It’s 1:30 in the morning. I’m sitting in the waiting area just outside the emergency room.
A friend’s inside. Terminally ill, with cancer, she’s been bouncing in and out of the hospital for what feels like a thousand times now over the last few months. Tonight, a combination of respiratory and excretory dysfunctions has led to a sudden collapse and yet another panic-laden trip to the ER. The helplessness, the uncertainty, the ignorance and fear, the heartbreaking fragility of it all—hospitals are bad enough, but is there any place more filled with despair and anxiety than an emergency room in the middle of the night?

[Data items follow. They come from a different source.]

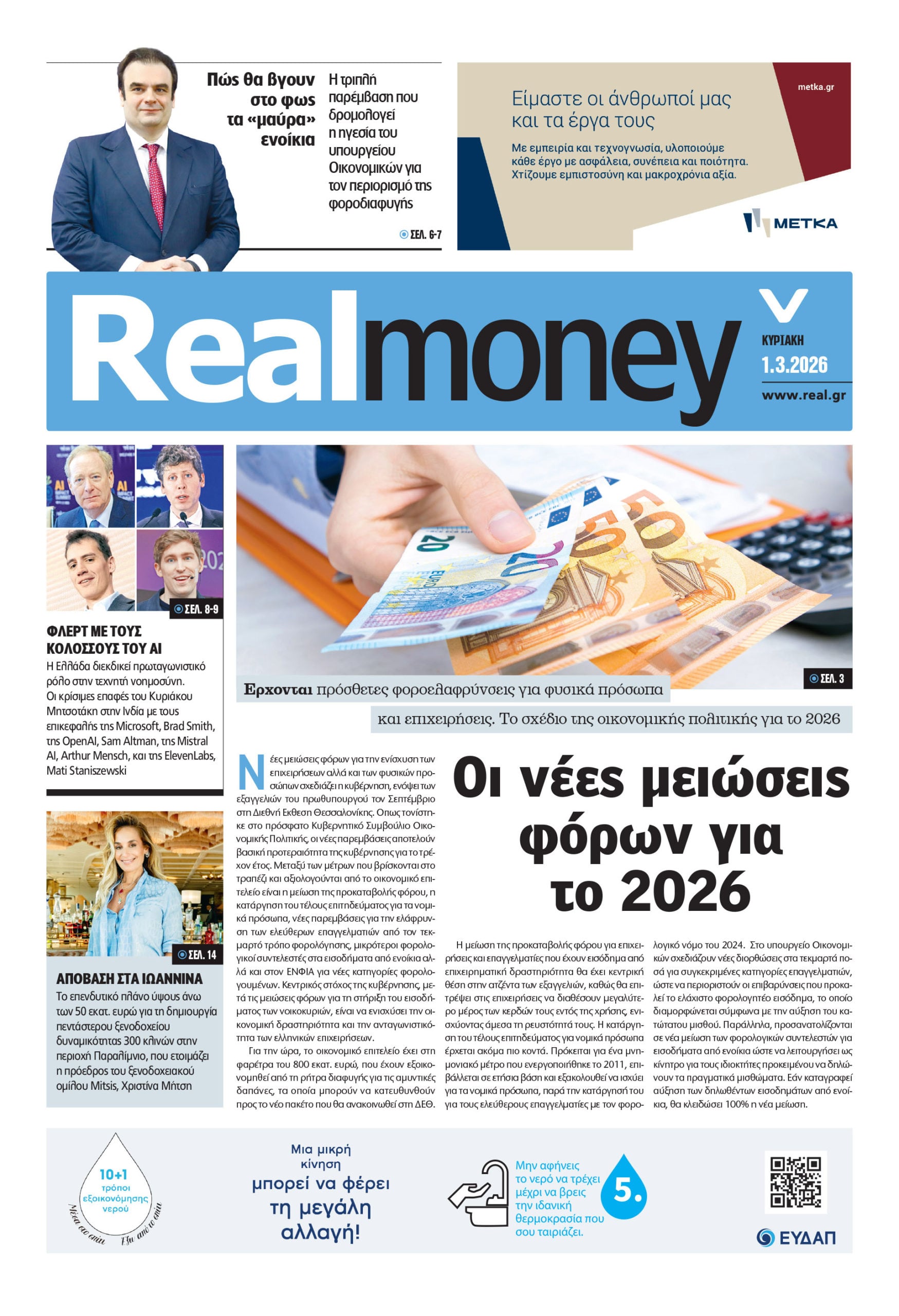– Οι νέες μειώσεις φόρων για το 2026. Έρχονται πρόσθετες φοροελαφρύνσεις για φυσικά πρόσωπα και επιχειρήσεις. Ανοιχτό το ενδεχόμενο μείωσης του φορολογικού συντελεστή των εταιρειών στο 20% από 22%. Στο επίκεντρο θα βρεθούν οι φόροι για εισοδήματα από ενοίκια αλλά και ο ΕΝΦΙΑ. Ποιες αλλαγές θα γίνουν στο τεκμαρτό εισόδημα των ελεύθερων επαγγελματιών.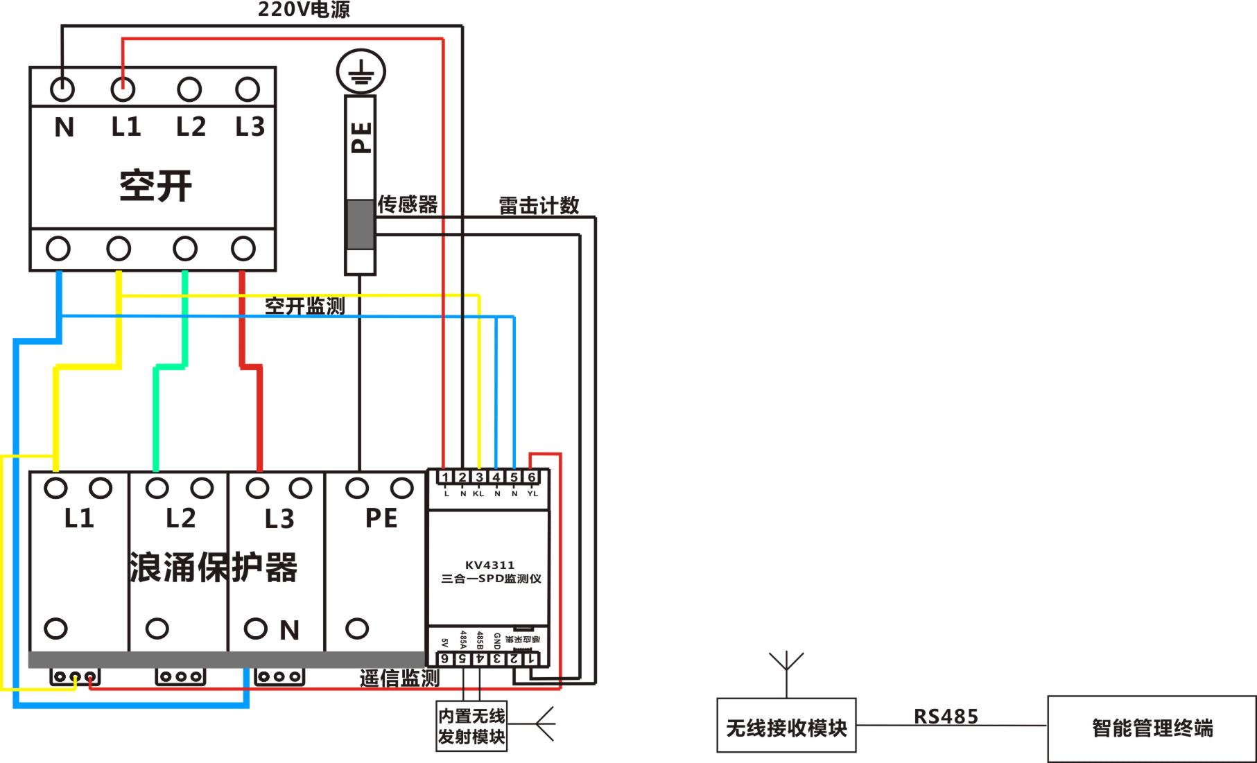 1个SPD遥信检测,1个空气开关的状态检测,一路雷击计数,一路RS485通信,220V供电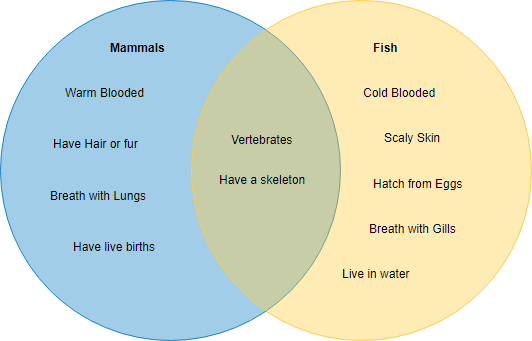 This is a Venn diagram example that shows the characteristics of mammals and fish, which are grouped as two ovals. The characteristics that are in common are placed inside the overlapping region of the two ovals.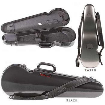 BAM hightech shaped grey carbon fibre case stolen with viola, bow, sets of strings, metronome, wooden mute, viola part from Trout Quintet, viola part from Sinfonia Concertante. The back of the viola is very pretty and noticable!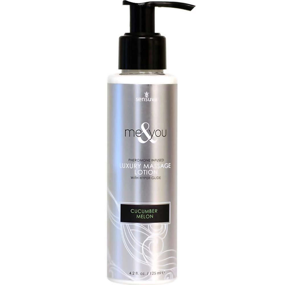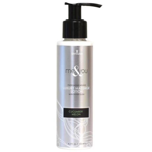 The ME & YOU line of luxury massage oils and lotions are infused with (gender-friendly) pheromones to make both partners feel attractive and turned on. We’ve added our special hyper-glide, which has a touch of silicone so that your massage oil or lotion can stay on the surface of your skin longer. A little bit goes a long way and you will end up using less product and be able to enjoy a longer lasting massage. Cucumber Melon. From Sensuva.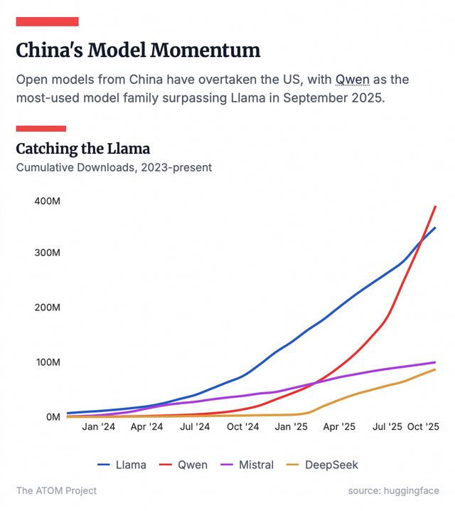 根据全球最大的 AI 开源社区 HuggingFace 数据,中国开源模型的下载量在 2025 年 7 月已经超过美国,其中阿里千问位居第一;海外模型 API 调用第三方平台 OpenRouter 数据也显示,千问在今年异军突起,调用量一度冲至所有开闭源模型的全球第四。

Yet, despite its name, the emergency room often seems, as it does tonight, a place where things move slowly, glacially, a land of limbo, characterized mostly by interminable waiting. As tests are being conducted off in a corner somewhere (or are they?), you wait. As results are being assembled (or are they?), you wait. Not wanting to alienate the caregivers by appearing to be too demanding, you control your almost uncontrollable longing for clarity and stifle your questions. And you wait. And, in stark contrast to your diffidence, medical personnel—for whom crisis is as commonplace as a bus ride and who are understandably, though nonetheless infuriatingly, matter-of-fact—seem almost intentionally blind to your concern. So you wait.
Time stretches on.
And you wait.
And your friend—catheterized, on oxygen, IV’d, semiconscious—does the same.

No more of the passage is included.